Juru Bicara Fraksi PAN, Hairul Anwar menyampaikan, reses merupakan sarana komunikasi politik antara wakil rakyat dengan masyarakat sekaligus bentuk pertanggungjawaban moral kepada konstituen.
Menurutnya, dalam pelaksanaan reses Fraksi PAN banyak menerima aspirasi terkait kondisi infrastruktur yang masih memerlukan perhatian serius dari pemerintah daerah.
“Banyak jalan poros kabupaten yang rusak parah sehingga menghambat aktivitas ekonomi masyarakat dan membahayakan pengguna jalan. Karena itu kami berharap pemerintah daerah memprioritaskan perbaikan infrastruktur tersebut,” jelasnya.
Dia juga menyoroti buruknya sistem drainase di sejumlah titik yang menyebabkan genangan air saat musim hujan, seperti di Jalan Trunojoyo Desa Gedungan, Kecamatan Batuan. Selain itu, masyarakat juga mengeluhkan banyaknya penerangan jalan umum (PJU) yang rusak di beberapa kecamatan, serta kerusakan tangkis laut di wilayah pesisir yang berpotensi menimbulkan abrasi.
Sementara itu, Juru Bicara Fraksi PDI Perjuangan, Darul Hasyim Fath mengatakan, reses menjadi sarana penting untuk menjalin komunikasi dua arah antara DPRD dengan masyarakat.
Menurutnya, hasil reses menunjukkan bahwa masyarakat masih menempatkan kebutuhan dasar sebagai prioritas pembangunan daerah.
“Persoalan infrastruktur seperti jalan, drainase, jembatan, serta sarana air bersih masih menjadi keluhan utama masyarakat karena berdampak langsung terhadap mobilitas dan aktivitas ekonomi,” ungkapnya.
Selain itu, masyarakat juga menyoroti persoalan pendidikan, kesehatan, pertanian, dan pemberdayaan UMKM. Warga berharap adanya peningkatan fasilitas sekolah, bantuan beasiswa bagi siswa kurang mampu, peningkatan pelayanan kesehatan hingga ke wilayah terpencil, serta dukungan permodalan dan pelatihan bagi pelaku usaha kecil.
Di lain sisi, Juru Bicara Fraksi Partai Demokrat, Ahmad Jazuli menjelaskan, kegiatan reses merupakan bagian dari fungsi representasi anggota DPRD untuk mendengar langsung persoalan yang dihadapi masyarakat.
Dalam laporan resesnya, Fraksi Demokrat menyoroti sejumlah persoalan seperti kerusakan jalan penghubung antar desa, kebutuhan penerangan jalan umum, pembangunan drainase, akses air bersih di wilayah kepulauan, hingga kebutuhan sarana pertanian dan jalan usaha tani.

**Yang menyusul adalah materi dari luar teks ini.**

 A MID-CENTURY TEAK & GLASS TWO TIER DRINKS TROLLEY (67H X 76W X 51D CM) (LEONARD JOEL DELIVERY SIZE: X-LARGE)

“Selain infrastruktur, masyarakat juga berharap adanya peningkatan fasilitas kesehatan dan pendidikan, termasuk rehabilitasi ruang kelas yang rusak serta peningkatan kesejahteraan guru honorer,” katanya.

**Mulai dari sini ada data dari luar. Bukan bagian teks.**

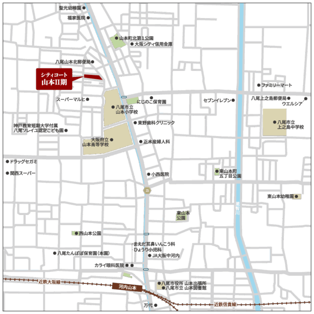 ●近鉄「河内山本」駅から徒歩16分、近鉄「八尾」駅から自転車10分で2駅利用可能。アクセス良好です。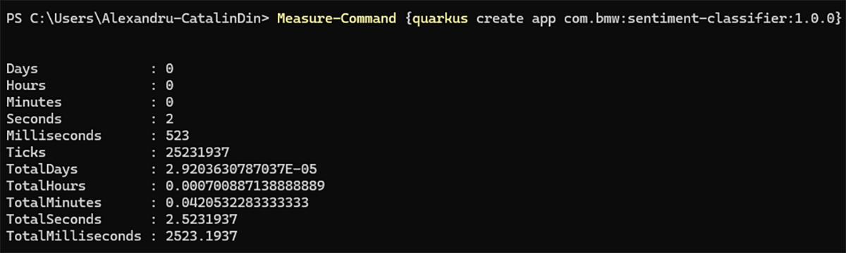 După cum se poate observa, timpul de execuție este similar (~2,3 secunde pentru Spring, ~2,5 secunde pentru Quarkus). Ceea ce este vizibil de la început este că sintaxa Spring CLI este mult mai stufoasă prin comparație cu Quarkus. Asta reflectă perspectiva generală a Quarkus, unde simplitatea este esențială.

Sementara itu dari Fraksi PKB melalui juru bicaranya, M. Mirza Khamaini Hamid mengungkapkan, hasil reses tidak boleh berhenti sebagai dokumen administratif semata, tetapi harus benar-benar ditindaklanjuti dalam kebijakan dan program pembangunan daerah.

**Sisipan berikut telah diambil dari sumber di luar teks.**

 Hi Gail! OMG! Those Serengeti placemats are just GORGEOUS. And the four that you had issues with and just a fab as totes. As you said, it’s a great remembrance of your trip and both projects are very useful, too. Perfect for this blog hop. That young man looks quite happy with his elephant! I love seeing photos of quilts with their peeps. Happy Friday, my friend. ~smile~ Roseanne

Dia mengingatkan agar aspirasi masyarakat yang diserap dalam reses menjadi rujukan dalam penyusunan program dan penganggaran daerah.
“Jika aspirasi masyarakat terus berulang setiap tahun tanpa solusi, maka ada yang belum sinkron antara perencanaan, penganggaran dan pelaksanaan program di lapangan,” tegasnya.
Lalu dari Fraksi NasDem melalui juru bicara Samsiyadi menyampaikan, sejumlah aspirasi masyarakat kepulauan, khususnya terkait perbaikan pelabuhan di Pulau Masalembu.
Sebagaimana aspirasi masyarakat, percepatan pembangunan pembangkit listrik, pembangunan pos keamanan laut, serta peningkatan infrastruktur jalan dan transportasi laut.
Fraksi PPP yang diwakili Hairul Anam juga menyoroti persoalan infrastruktur jalan yang rusak di sejumlah wilayah, kebutuhan penerangan jalan, serta perbaikan fasilitas pendidikan dan kesehatan.
Selain itu, sektor pertanian juga menjadi perhatian, terutama terkait kelangkaan air irigasi dan fluktuasi harga komoditas pertanian.
Sedangkan Fraksi Gerindra-PKS melalui juru bicara Holik menekankan pentingnya pemerataan pembangunan antara wilayah daratan dan kepulauan. Fraksi ini juga menyoroti kebutuhan perbaikan jalan, peningkatan layanan kesehatan, pemberdayaan UMKM, serta penguatan ketahanan pangan.
Secara umum, seluruh fraksi berharap hasil reses II DPRD Sumenep tersebut dapat menjadi bahan pertimbangan bagi pemerintah daerah dalam menyusun kebijakan pembangunan dan penganggaran yang lebih tepat sasaran serta mampu menjawab kebutuhan masyarakat. (ara/ong)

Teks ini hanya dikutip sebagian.